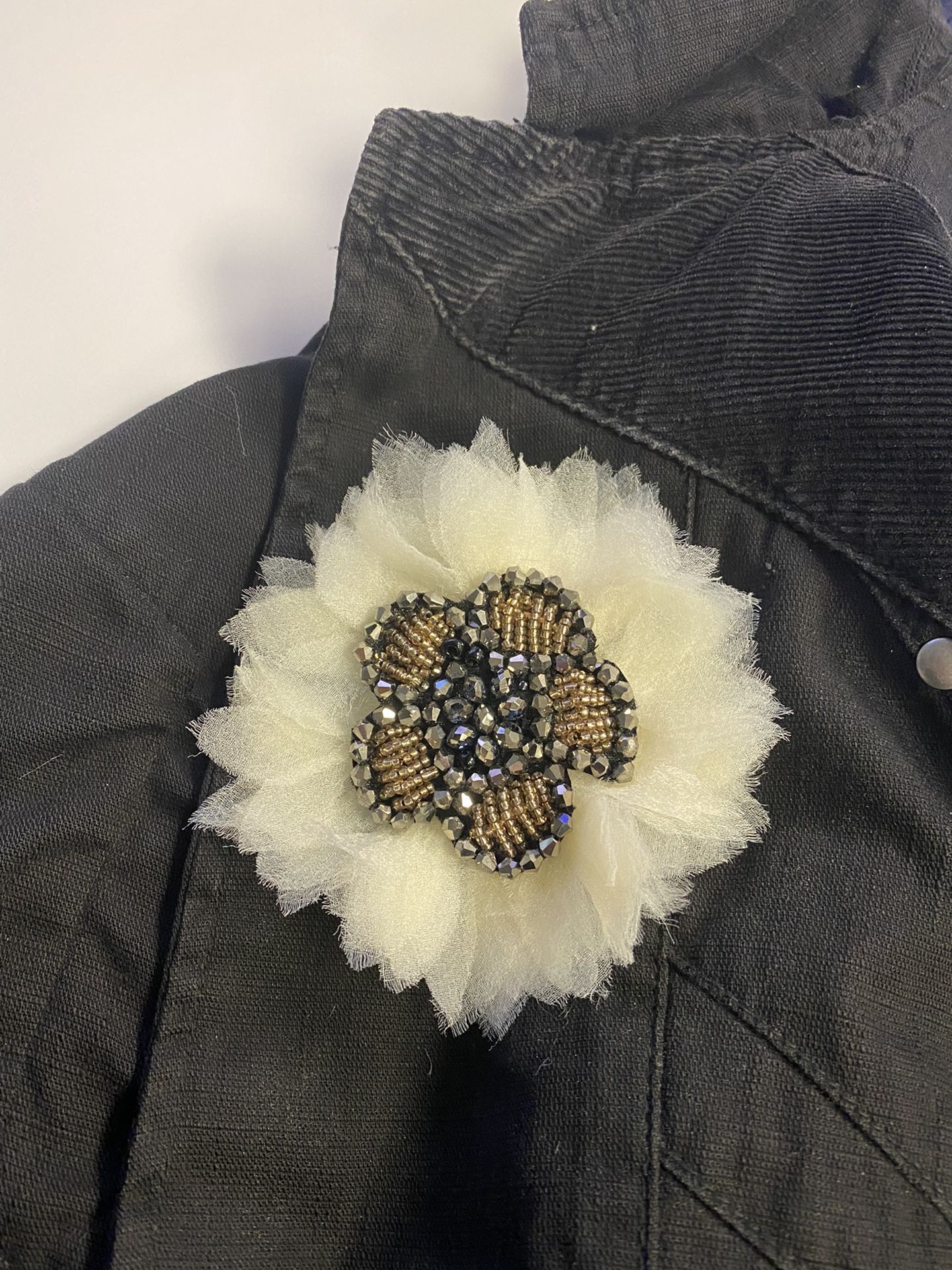 Floral brooch made of sheer fabric and glass beads
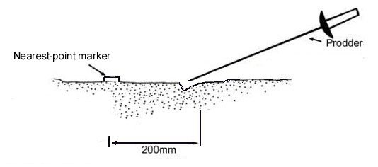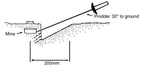 In soft ground, it may be possible to insert the prodder a considerable length into the ground. The prodded ground can then be cut away with the trowel in complete confidence that there is nothing concealed within it. The ground cut away must never be more than the ground interrogated with the prod.
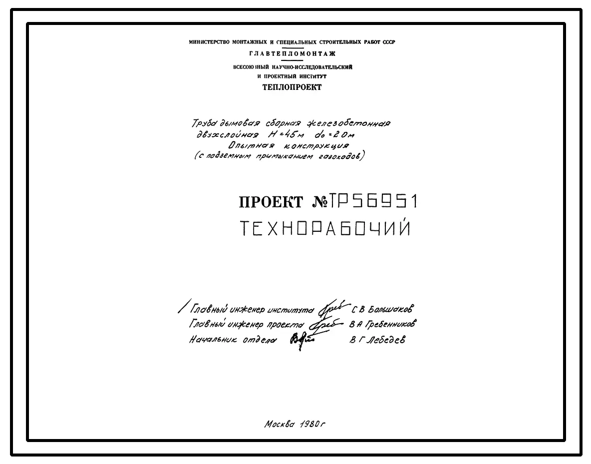 проект 56951 труба дымовая сборная железобетонная двухслойная н=45 м до=2,0 м.
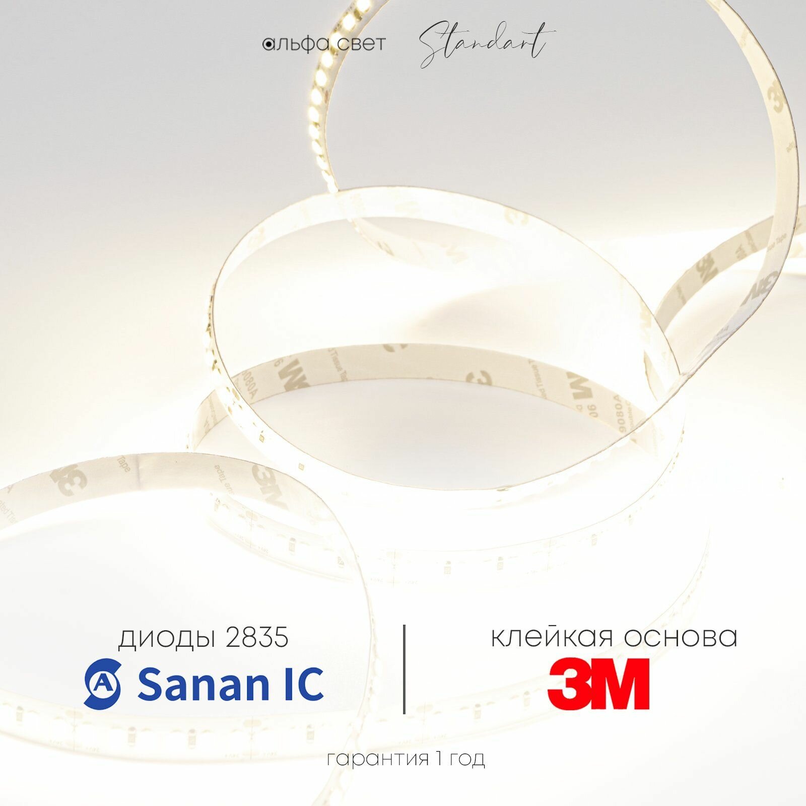 Светодиодная лента 12Вт, 24В, 3000К (тёплый свет), 1200 лм/м, IP20, 5 метров, Альфа Свет
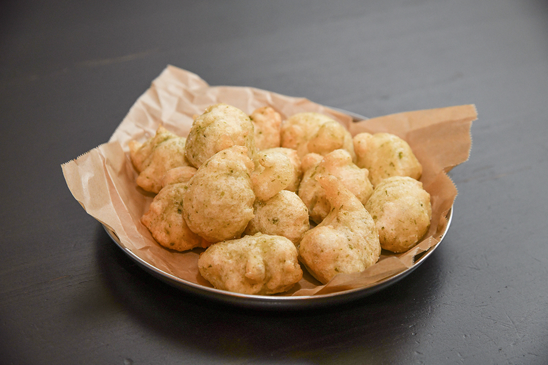 ピッツァと一緒に楽しみたいアラカルトは、一口サイズのおつまみ「ゼッポリーネ」がおすすめ。ふわもちの弾力ある食感が、子ども連れにも好まれるそう。通常より水分量が多いピッツァ生地に、あおさを練り込み、軽やかに揚げて仕上げている。磯の豊かな香りと、ビールやワインが進む絶妙な塩味で、満腹でもつい手が伸びてしまう。
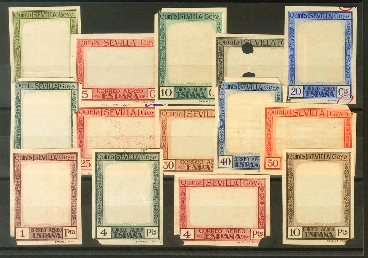 (★) 517/30P. 1930. Juego completo de los catorce ENSAYOS DE PLANCHA DE LOS MARCOS, en los colores adoptados (con taladro). MAGNIFICOS Y RARISIMOS. (Gálvez CA230/43)
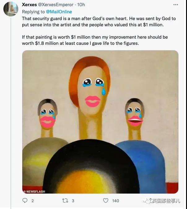 外國有些網友知道後認為,保安畫得挺不錯。甚至網友認為,這幅畫現在徹底出名了,估價怕是要翻上10倍。

◆ **PROBLEM STATEMENT**: Extract the run of lines beginning with the line that holds "Светодиодная лента 12Вт, 24В, 3000К" and ending at the last line of the data, inclusive. Exclude any pictures from the copy.

◆ **REPLY TO THE TASK**:
 Светодиодная лента 12Вт, 24В, 3000К (тёплый свет), 1200 лм/м, IP20, 5 метров, Альфа Свет
 ピッツァと一緒に楽しみたいアラカルトは、一口サイズのおつまみ「ゼッポリーネ」がおすすめ。ふわもちの弾力ある食感が、子ども連れにも好まれるそう。通常より水分量が多いピッツァ生地に、あおさを練り込み、軽やかに揚げて仕上げている。磯の豊かな香りと、ビールやワインが進む絶妙な塩味で、満腹でもつい手が伸びてしまう。
 (★) 517/30P. 1930. Juego completo de los catorce ENSAYOS DE PLANCHA DE LOS MARCOS, en los colores adoptados (con taladro). MAGNIFICOS Y RARISIMOS. (Gálvez CA230/43)
 外國有些網友知道後認為,保安畫得挺不錯。甚至網友認為,這幅畫現在徹底出名了,估價怕是要翻上10倍。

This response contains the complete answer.